▶ **DATA TO EXAMINE**:
————————
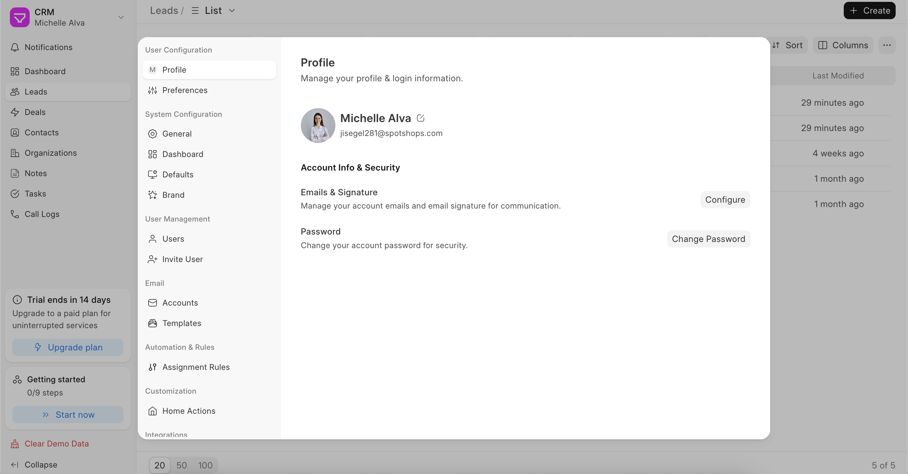 Every user in Frappe CRM has their own profile and preferences. These are personal to you. Changing them won't affect anyone else on your team.
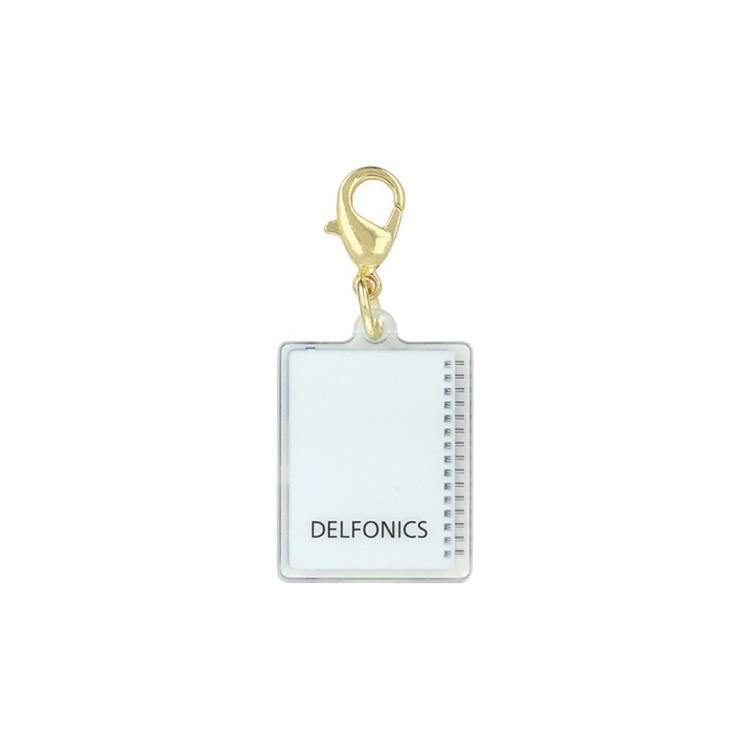 フックが2つついたアクリル製のチャームは、長さ調整が可能です。
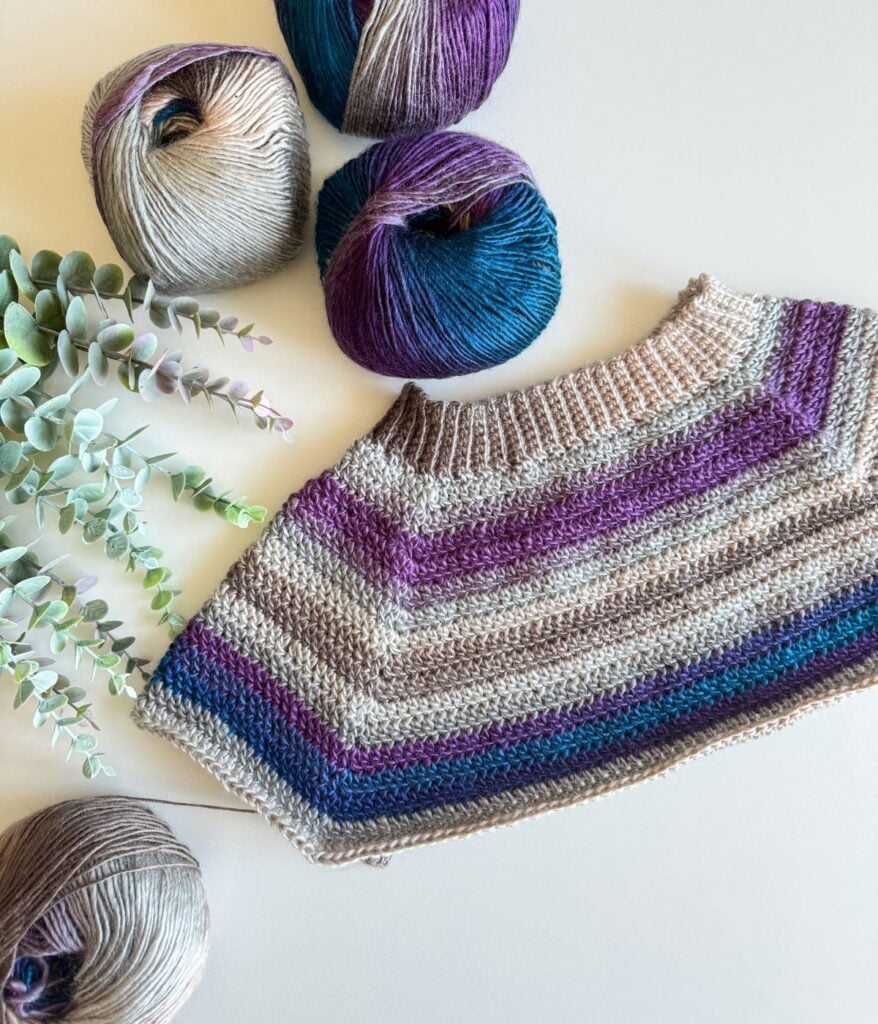 When using a gradient yarn in projects like this one, I often receive inquiries about how to join the yarn seamlessly. I typically unravel the ball to align with the previous colour for a smooth transition. When beginning sleeves, I ensure both match in colour for symmetry.
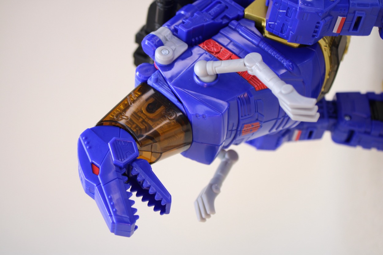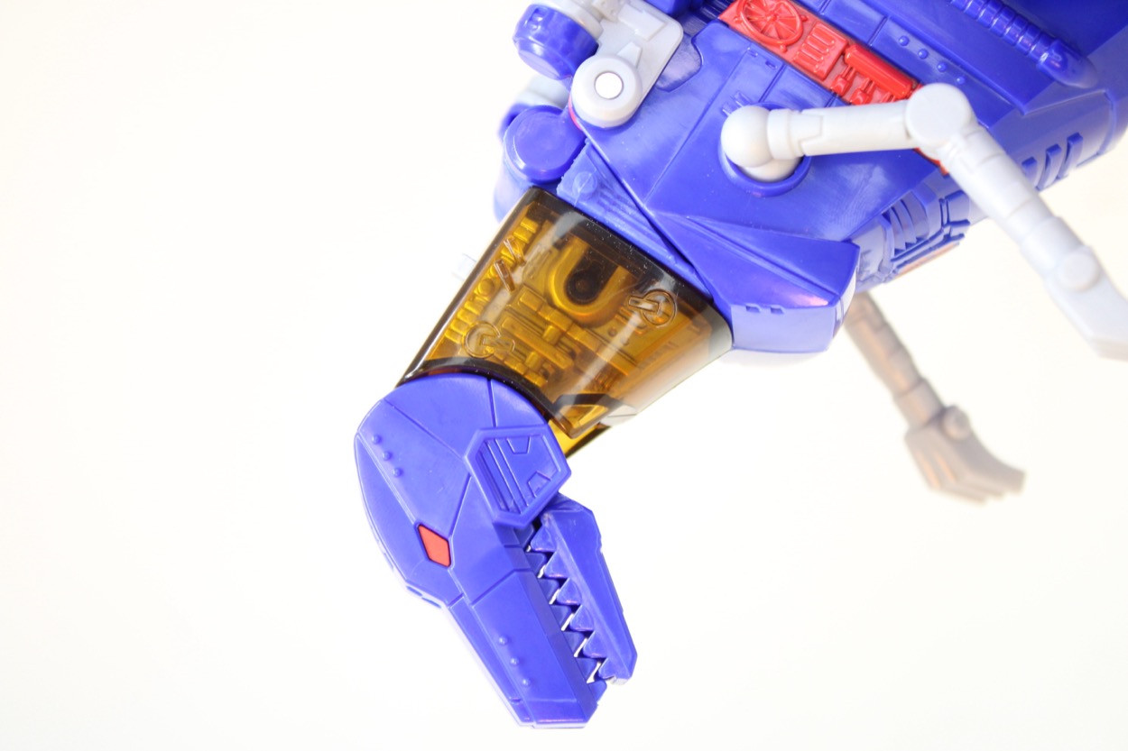 I don't have an original blue G2 Grimlock, but my memory says it looked like this - and it matches pictures fairly well. Robot Grimlock has the clear chest of the original, but almost none of the sticker deco. New bicep paint resembles the silver and red stripes on the original, but the silver on his pelvis? Gone. The blue stripe of the SS86 toy was left off - because of course it was - but they kept the green and red ones. Other leg sticker deco is absent, and the Autobot symbol is still behind a tinted chest that's a little too dark. Hasbro completely excised the vac metal parts, giving you a painted gold chest and claws with gray tail and arm pieces. Is it exactly like the original? No. But you get red eyes, and a vibe that does a good job evoking and old robot you were too cool to buy during the Clinton administration because you were a mature nerd who dunked on Mighty Morphin Power Rangers while buying Playmates Star Trek toys.
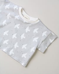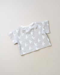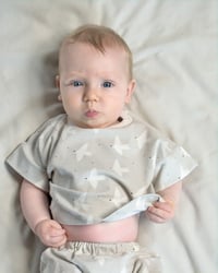 Confectionné en jersey de coton biologique, souple et respirant, il accompagne les jeux et les découvertes du quotidien.
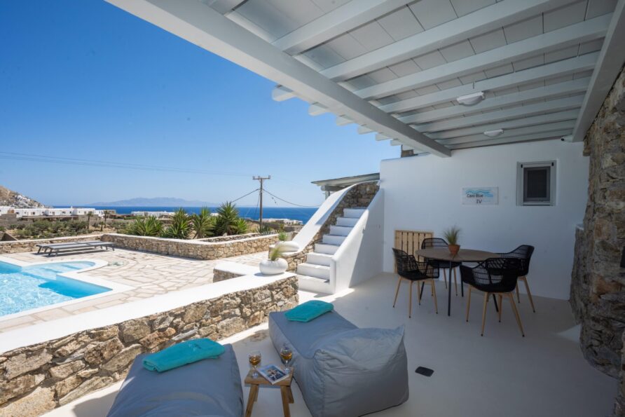 Our brand new couples villa is perfect for a quiet and relaxing stay in Mykonos. Guests will have a special experience as the villa features a pool with a view. This villa includes 2 bedrooms and 2 bathrooms with a shower and free toiletries. In the well-fitted kitchen, guests will find a stovetop, a refrigerator, kitchenware and an oven. The air-conditioned villa offers a flat-screen TV, a washing machine, soundproof walls, a tea and coffee maker as well as sea views. The unit has 3 beds.
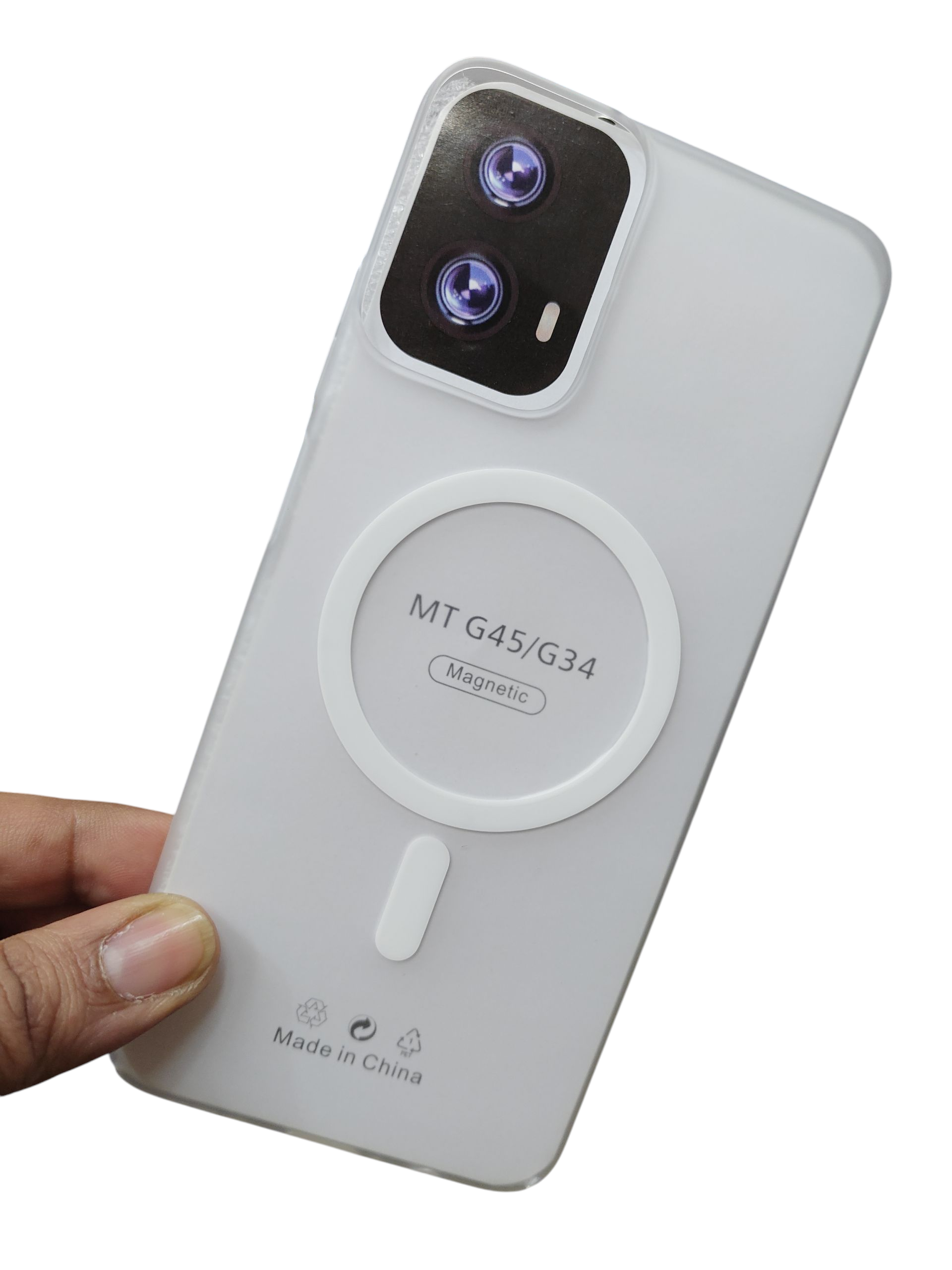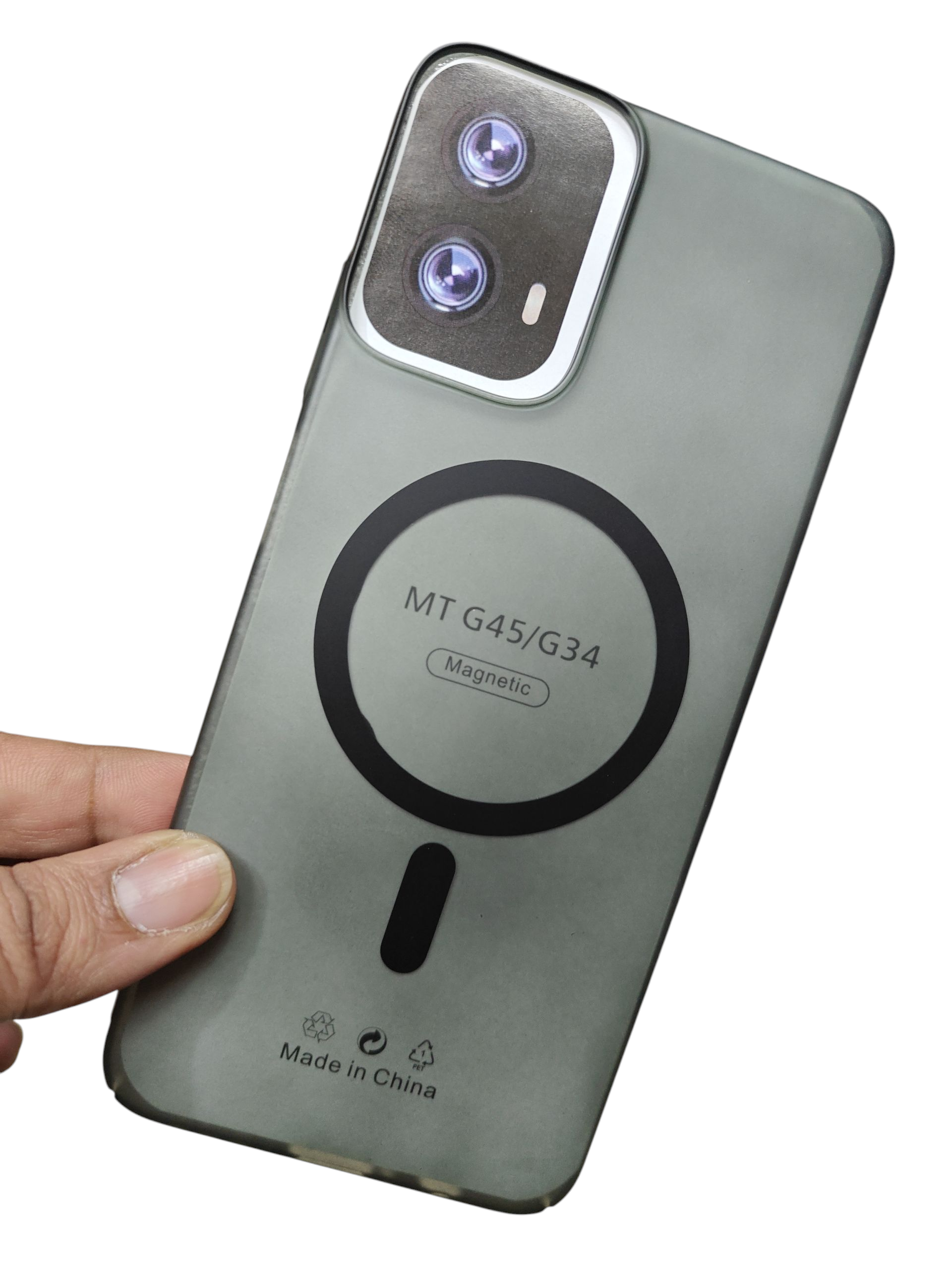 Introducing Motorola Moto G45 / G34 our Premium Quality MagSafe Hard Plastic Back Cover Case, meticulously designed to provide unparalleled protection and style for your device. Engineered with durable hard plastic, this case not only shields your phone from everyday bumps and scratches but also seamlessly integrates with MagSafe technology for effortless wireless charging and accessory compatibility. Its sleek design ensures that your device maintains a slim profile while providing a comfortable grip, making it the perfect blend of functionality and elegance. Elevate your phone's style while keeping it safe with this premium cover.
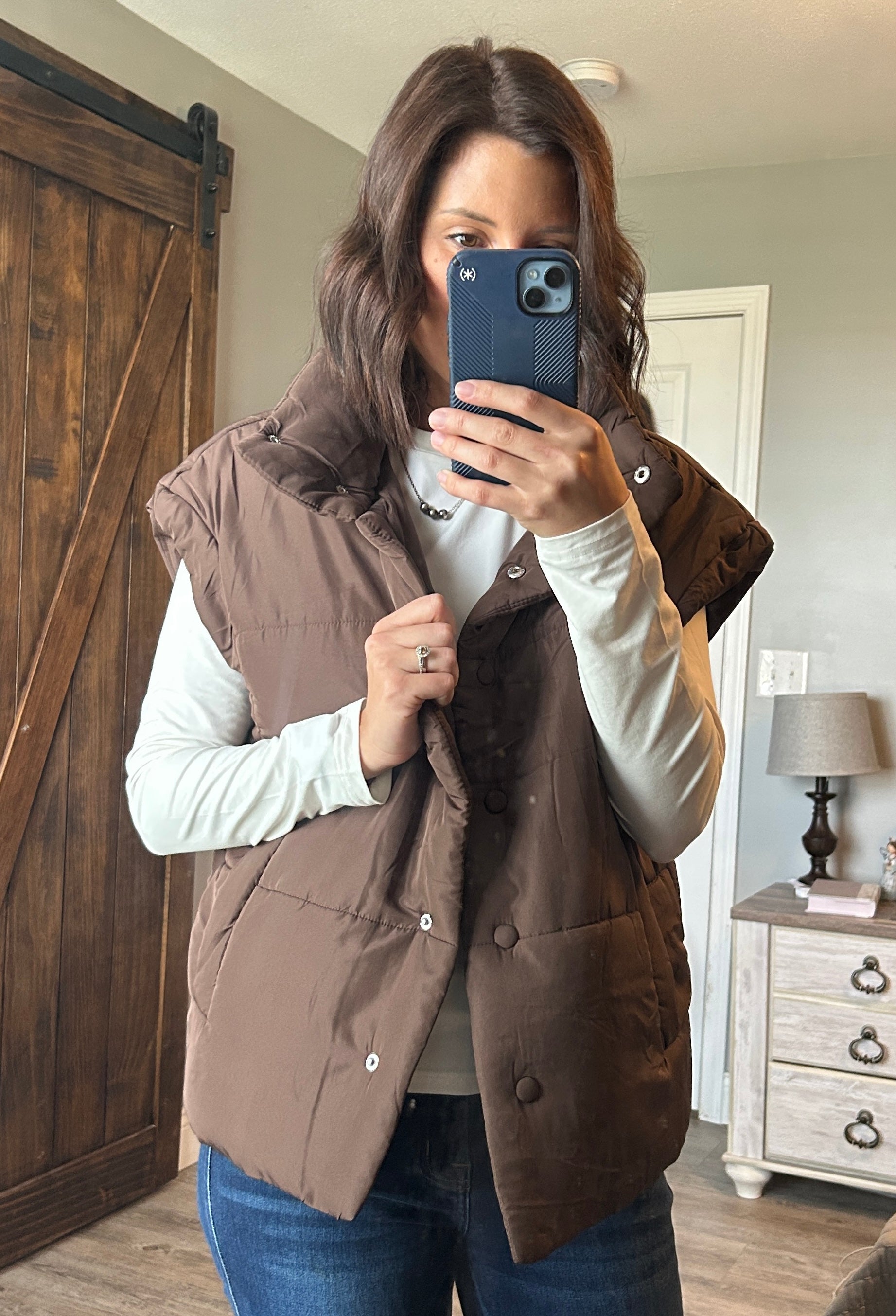 MOCK NECKLINE, SLEEVELESS, DROP SHOULDER, BUTTON DOWN, SNAP BUTTON, OVERSIZED FIT, PUFFER VEST
————————
▶ **AIM OF THE TASK**:
Print exactly the lines above that run from the one with "I don't have" to the one with "Confectionné en jersey", both included. No pictures.

▶ **PROBLEM SOLUTION**:
 I don't have an original blue G2 Grimlock, but my memory says it looked like this - and it matches pictures fairly well. Robot Grimlock has the clear chest of the original, but almost none of the sticker deco. New bicep paint resembles the silver and red stripes on the original, but the silver on his pelvis? Gone. The blue stripe of the SS86 toy was left off - because of course it was - but they kept the green and red ones. Other leg sticker deco is absent, and the Autobot symbol is still behind a tinted chest that's a little too dark. Hasbro completely excised the vac metal parts, giving you a painted gold chest and claws with gray tail and arm pieces. Is it exactly like the original? No. But you get red eyes, and a vibe that does a good job evoking and old robot you were too cool to buy during the Clinton administration because you were a mature nerd who dunked on Mighty Morphin Power Rangers while buying Playmates Star Trek toys.
 Confectionné en jersey de coton biologique, souple et respirant, il accompagne les jeux et les découvertes du quotidien.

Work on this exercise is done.